Voters across the district also elected six members of the Hawke's Bay Regional Council.

=== Cyclone Gabrielle ===
The wider Hawke's Bay region was devastated by Cyclone Gabrielle in February 2023 and the affects of it were still being felt in the district in 2025.

=== Pre-election report ===
Under the Local Government Act 2002, councils must compile a pre-election report to be published and made available to voters. This report details the council's financial position, issues affected the district, and other important factors to consider when voting. The report is prepared by the chief executive of the council, independent of the mayor and councillors.
== Campaign ==

=== Mayor ===
Incumbent mayor Sandra Hazlehurst announced in May that she would not seek re-election to a fourth term. By May, councillor Marcus Buddo had announced his candidacy for mayor, and councillor Damon Harvey was considering it.

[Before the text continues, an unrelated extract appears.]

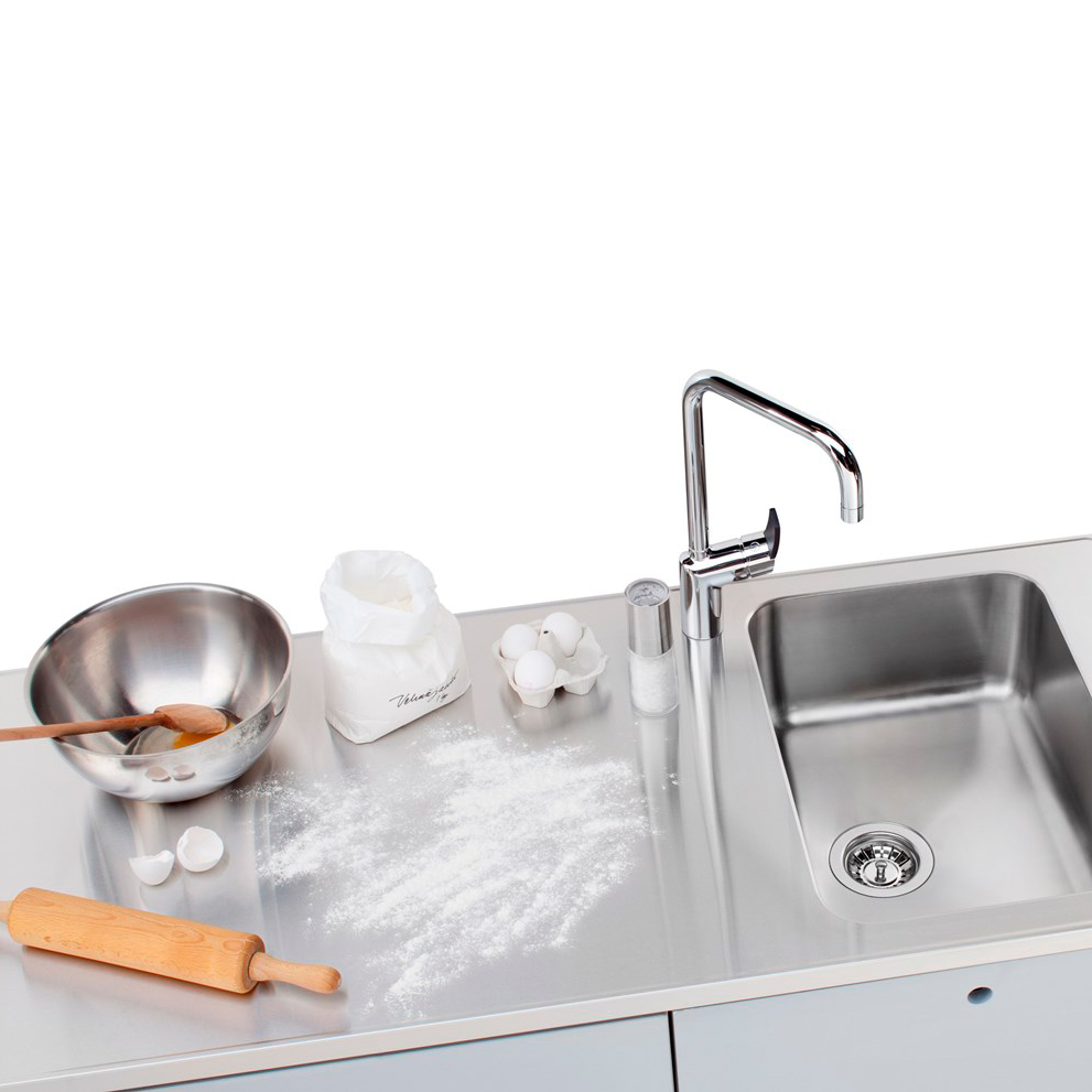 Seven E, Bänkskiva med diskho. Bänkskiva med enkel diskho Längd - specialanpassning av mått med 5 mm intervall. Plan eller upphöjd kantprofil. Ytan är som standard slät. Dekormönster beställs som extra utrustning. Korgventil kan beställas. Stålbakkant kan levereras för montering. Kanten är 58 mm höjd. Hål för blandare kan beställas

Buddo is a 30 year old, fourth generation farmer from Poukawa. Buddo emphasised reducing rates, handling the council's growing debt, cyclone recovery, and housing affordability as key issues for him. Buddo says he has degrees in economics, public health, and politics.

Third-term incumbent councillor Wendy Schollum announced her candidacy for mayor, launching her campaign on 24 June at St Andrew's Hall. She would campaign on creating a "smarter" council structure, better housing, and improving the local economy.

Damon Harvey, a third-term incumbent councillor, also announced he would run for mayor; his second attempt. He said a priority was reducing cost to ratepayers. He said he was supported in his bid by Graeme Avery, Malcolm Dixon, Henare O’Keefe, Geraldine Travers, Ann Redstone, Luke Irving and Robyn McLean.

=== Māori wards referendum ===
The council had voted unanimously in August 2024 to keep Māori wards in the district. This triggered a referendum to be held alongside the 2025 local elections, per the conditions of legislation passed by the incumbent National government. Mayor Hazlehurst, who was pro-Māori wards, lamented the government's decision to require Māori wards. "We know our community and we should be trusted to make that decision", she said. In 2021, the council asked residents and 76% of responses came back in support of Māori wards.

A group called For Wards Hawke’s Bay formed to support the pro-ward position at the referendums in the wider Hawke's Bay region. The group held a meeting on 23 July in Clive chaired by regional council chair Rex Graham, with various speakers including local Presbyterian minister Jill McDonald, Māori ward councillor Heather Te Au-Skipworth, HB Multicultural Society president Rizwaana Latiff and Hayley Whittaker from the Public Service Association.

Hawke's Bay Today asked the mayoral candidates whether they supported the group; Harvey said he supported any group that wanted to get the community engaged on important issues, Schollum said she supported Māori wards, Buddo said he was personally voting no on Māori wards but supported the group existing, Gibson said he didn't support Māori wards because they are undemocratic, and Wilson said he would support whatever the outcome of the referendum was.

=== Debates and forums ===
Hastings Grey Power hosted a meet-the-candidates meeting on 7 August in Duart House in Havelock North. It held a second event on 5 September at the Baptist Church Hall in Hastings.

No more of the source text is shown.